Texas: AI Ethics Guidance for Law Firms
Verified April 23, 2026
- Citation
- Tex. Prof'l Ethics Comm., Op. 705 (February 2025)
- Opinion date
- February 2025
Summary
Texas has formal Ethics Opinion 705 (Feb 2025), a comprehensive TRAIL task force report, and the most developed federal court AI rule framework of any state, with binding local rules in three of four federal districts. A Dallas attorney was sanctioned in October 2025 under N.D. Tex. Rule 7.2(f) for undisclosed AI use. TLIE has published multiple AI-specific risk advisories.
On this page
- Texas Professional Ethics Committee Opinion 705
- Practice resources
- What federal courts in Texas require for AI use in filings
- What Texas state courts require for AI use in filings
- Has anyone been sanctioned for AI use in Texas?
- What AI-related rules are pending in Texas?
- How do malpractice carriers in Texas treat AI use?
- What does my Texas malpractice carrier ask about AI at renewal?

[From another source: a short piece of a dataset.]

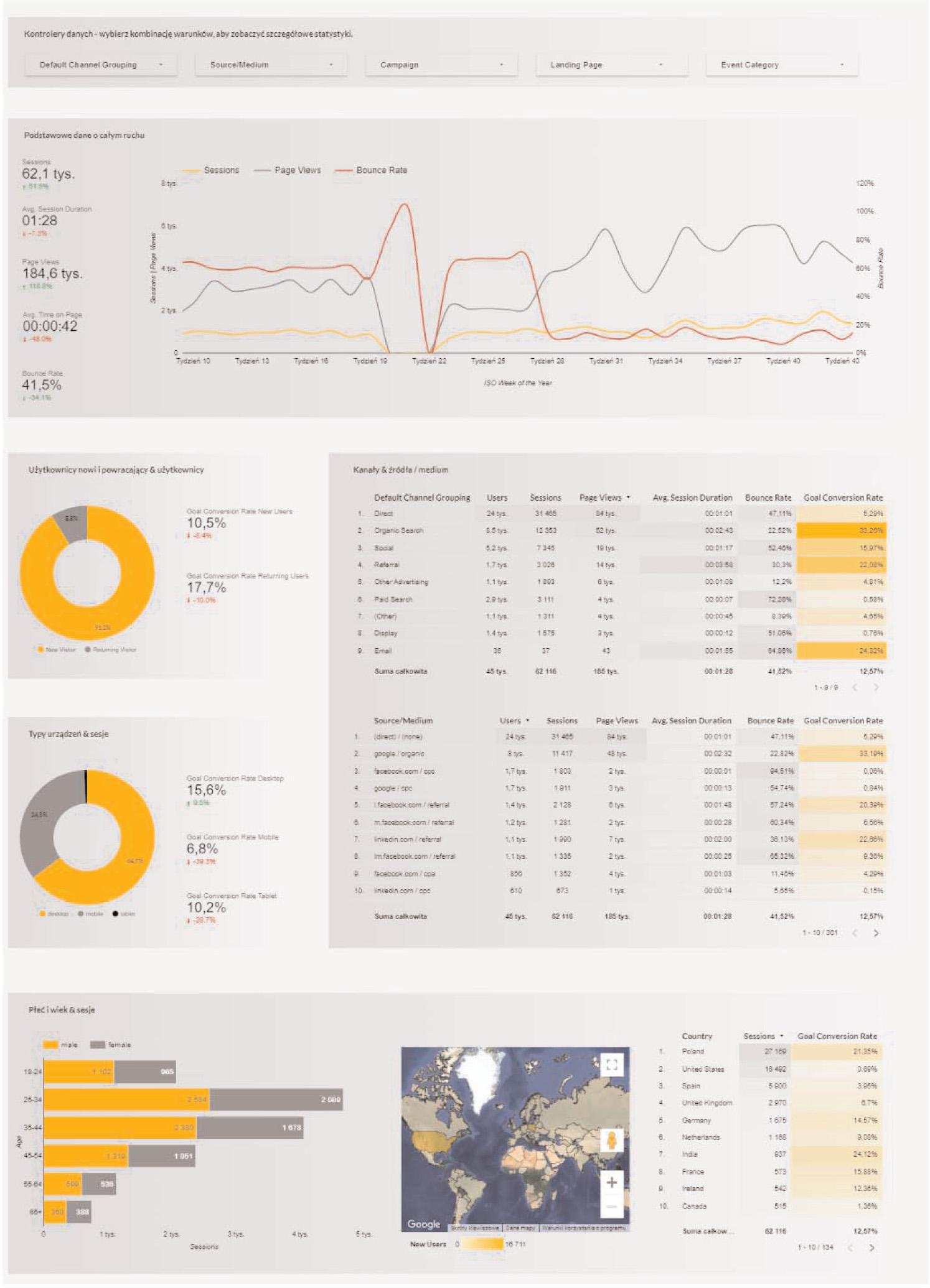 Each dashboard is created for the specific needs of a given organisation; hence, it is worth mentioning that the parameters can be easily adjusted in the Google Data Studio panel, which integrates data with our Google Analytics. This gives us the opportunity to expand such a report and personalise it for the selected organisation or department. Increasingly, companies decide on such solutions, because it is a very intuitive solution that saves time in the preparation of extensive reports on the many activities a given company conducts.

- What documentation should a Texas firm keep on file?
- Court orders (17)
- AI sanctions cases (25)
- Applicable rules (reference)
Bottom line for a 5-50 attorney Texas firm: Texas Professional Ethics Committee Opinion 705 (February 2025) is the binding interpretive authority, paired with the most developed federal court AI rule framework in the country: three of four Texas federal districts impose binding obligations. A Dallas attorney was sanctioned in October 2025 under N.D. Tex. Rule 7.2(f) for undisclosed AI use, the first confirmed Texas AI sanctions case. TLIE’s published AI guidance is the clearest carrier signal in any state.

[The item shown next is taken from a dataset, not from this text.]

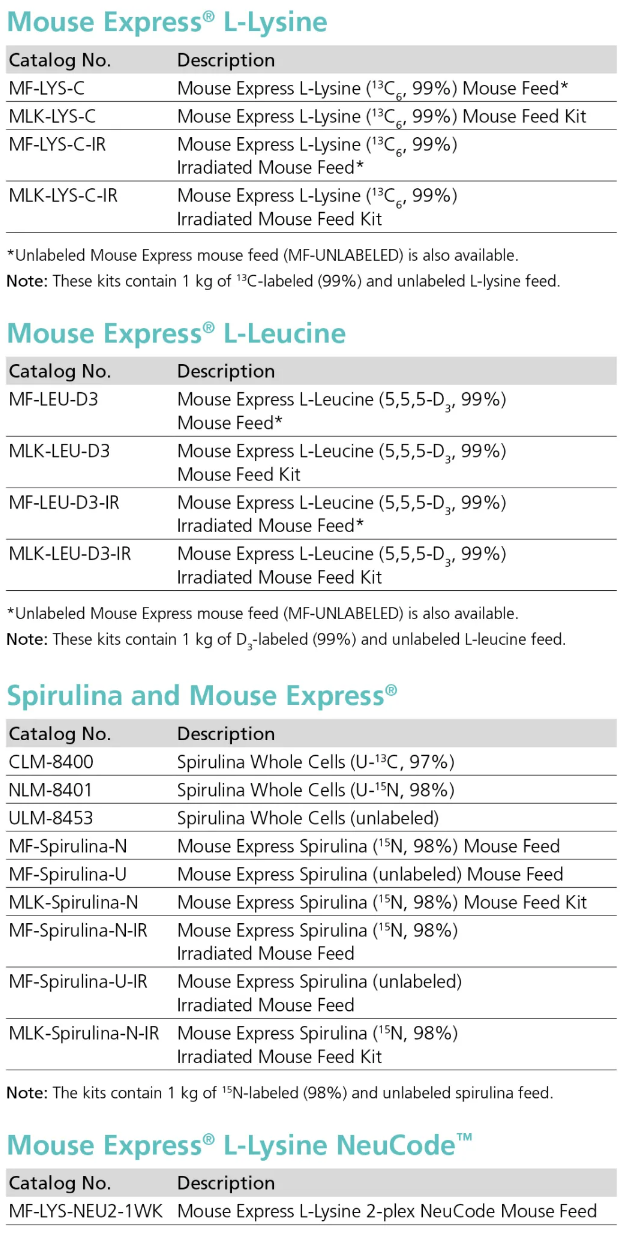 劍橋同位素實驗室公司(CIL)提供標記/未標記飼料,用于將穩(wěn)定同位素或天然氨基酸代謝納入小鼠(或大鼠)體內(nèi),用于基于SILAM的質(zhì)譜研究。

Start with: a written AI use policy anchored to Op 705, court-specific AI disclosure workflows for each Texas federal district where the firm files, and an attorney and staff training log.
Texas Professional Ethics Committee Opinion 705
Citation: Tex. Prof’l Ethics Comm., Op. 705 (February 2025). Primary source.

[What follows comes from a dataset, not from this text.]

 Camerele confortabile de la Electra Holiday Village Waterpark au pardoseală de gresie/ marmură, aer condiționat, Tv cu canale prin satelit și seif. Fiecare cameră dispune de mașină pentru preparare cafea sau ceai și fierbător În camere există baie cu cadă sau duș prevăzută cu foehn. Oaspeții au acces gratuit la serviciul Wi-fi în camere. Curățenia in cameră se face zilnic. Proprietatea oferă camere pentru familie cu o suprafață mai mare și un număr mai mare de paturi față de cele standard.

Status: Formal advisory opinion. It is not binding discipline. Texas courts and the State Commission for Lawyer Discipline treat it as authoritative interpretation of the Texas Disciplinary Rules of Professional Conduct.
Key requirements
- Competence (Rule 1.01 + Comment 8): Attorneys must understand how generative AI functions, including its limitations and failure modes (hallucination, fabrication).
- Confidentiality (Rule 1.05): Attorneys must not input confidential client information into AI systems that may disclose it to third parties or use it to train models.
- Verification before use (Rules 3.01, 3.03, 3.04): All AI-generated content (citations, factual assertions, legal analysis) must be independently verified against primary sources before any filing, court submission, or client communication.
- Supervision (Rule 5.03): AI tools are analogous to nonlawyer assistants; supervising attorneys bear responsibility for AI-generated work product even when another person at the firm prompted the system.
- Billing (Rule 1.04): On hourly arrangements, attorneys may only bill actual time expended; AI efficiencies must pass to the client. Reasonable subscription or per-use AI fees may be passed through with advance disclosure and agreement. Attorneys may not attribute machine time to client bills.
Rules cited
Rule 1.01 (Competent and Diligent Representation) + Comment 8 (technology competence); Rule 1.04 (Fees); Rule 1.05 (Confidentiality of Information); Rule 3.01 (Meritorious Claims); Rule 3.03 (Candor Toward the Tribunal); Rule 3.04 (Fairness in Adjudicatory Proceedings); Rule 5.03 (Responsibilities Regarding Nonlawyer Assistants).
Notable gaps
Op 705 is described as a high-level overview. It imposes no explicit client disclosure obligation that AI was used and gives no guidance on intake chatbots. It also does not distinguish AI-assisted research tools from generative-drafting tools and does not address flat-fee or contingency billing in detail.
Practice resources
The State Bar of Texas Taskforce for Responsible AI in the Law (TRAIL) issued the 2023-24 Year-End Report. Its recommendations led directly to Op 705. The State Bar of Texas AI Toolkit is a living educational resource, not binding.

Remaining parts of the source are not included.